The boulders serve as a last defense against an ocean that is increasingly putting pressure on local shorelines. On some stormy days, it is best to drive on the freeway.
“The highway was built on a very vulnerable sand spit. And this is what has been there to protect it for the last couple of decades. But as the conditions change and we start seeing more frequent high tides. What we’ve seen is that the highway becomes more vulnerable than it has been before,” Shaw Hinze said.
And this is a roadway the coastal communities want to keep open. Photographs from 2010 show standing water on the highway and in the parking lots of several local businesses.
“It has a history of going completely over 101 and closing the road and eroding it. And we’ve had larger storms damage,” said Pete Milligan, city of Encinitas civil engineer.

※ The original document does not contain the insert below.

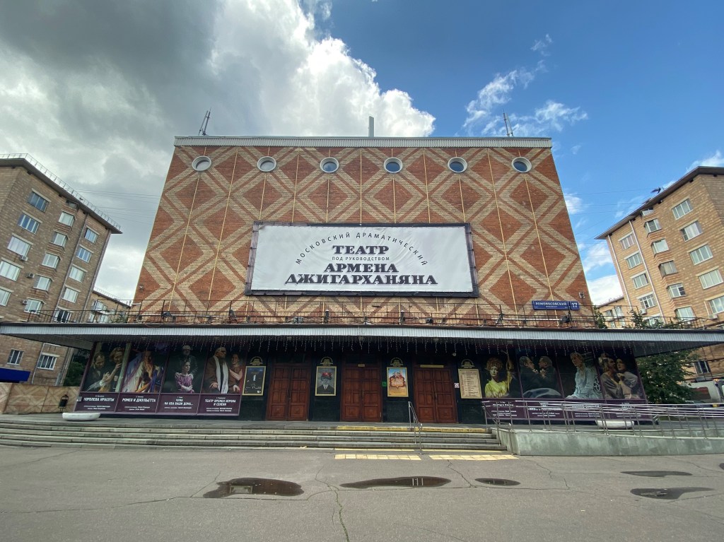 Типовой советский кинотеатр конца 1950-х на Ломоносовском проспекте, дом 17. Коробка, хоть и выполнена их самых обычных кирпичей двух цветов (посветлее и потемнее), повторяет узор фасада Дворца дожей в Венеции. Сейчас в здании Прогресса кино уже не показывают, здесь Московский драматический театр Джигарханяна.

Highway 101 also flooded earlier this winter during a high tide that was coupled with a storm. At one point storm fueled waves pushed cobblestones on the surface of the blacktop.
Milligan hopes to protect the road through a unique plan that also creates a sandy dune habitat, which is pretty rare along the California coast.
The just over $2 million Cardiff Living Shoreline Project is due to be complete in April.
As part of the project, crews have been digging a deep trench along the highway.
“They come in and put filter fabric, the black fabric in and that really helps with the water not being able to get under the rock. Erode the sand and basically keeps it in place,” Milligan said.
On top of that fabric, workers have strategically placed interlocking large boulders that are basically an underground wall.
The large rocks, or revetment, are covered-up with sand dredged from the nearby lagoon.
“We have a final line of defense, the rock, which is going to save the road. But everything in front of it we’re going to have to adjust and perfect as the project goes along over time. But if it was just sand it would just go and we’d be in the same condition that we were before,” Milligan said.
The sandy habitat area on top of the rocks is roped-off and protected. It will be allowed to settle and drain before native plants are added.
That is exactly what conservationists did on a test project at the southern end of this beach where there is a patch of dune habitat that used to be a parking lot.
“This is a pretty good representation of exactly what the dunes should be looking like,” said Bradley Nussbaum of the San Elijo Lagoon Conservancy.
He pointed to the rehabilitated patch of sand.
“Kind of a nice little hummock flowing on it with vegetation. And this will probably be about the same density of vegetation that we’ll be experiencing there,” Nussbaum said.
The dunes will offer space for flowers like the beach primrose, which sports bright yellow blooms, and the purple blossoms of Sand Rabina.
The habitat should also be an inviting space for the western snowy plover. This beach is already one of the most popular roosting spots for that federally endangered bird.
“With this 60-foot of protected dune area where people won’t be walking. That’ll give them space where they can actually where they can keep away from potential traffic,” Nussbaum said.
The project is a complicated partnership between conservation groups, local governments and state agencies. All are watching closely to seeing how the project stands up to the pounding the ocean can bring. It will be a work in progress.
“We’re not going to expect these dunes to be frozen in a moment of time. Sort of the beauty of it is they can change, they can be dynamic,” Shay Hinze said.
Project managers concede this is not a permanent protection for the road.
The ocean will eventually reclaim Highway 101 as sea levels rise, but there is hope this project will protect the road and create rare habitat for several more decades.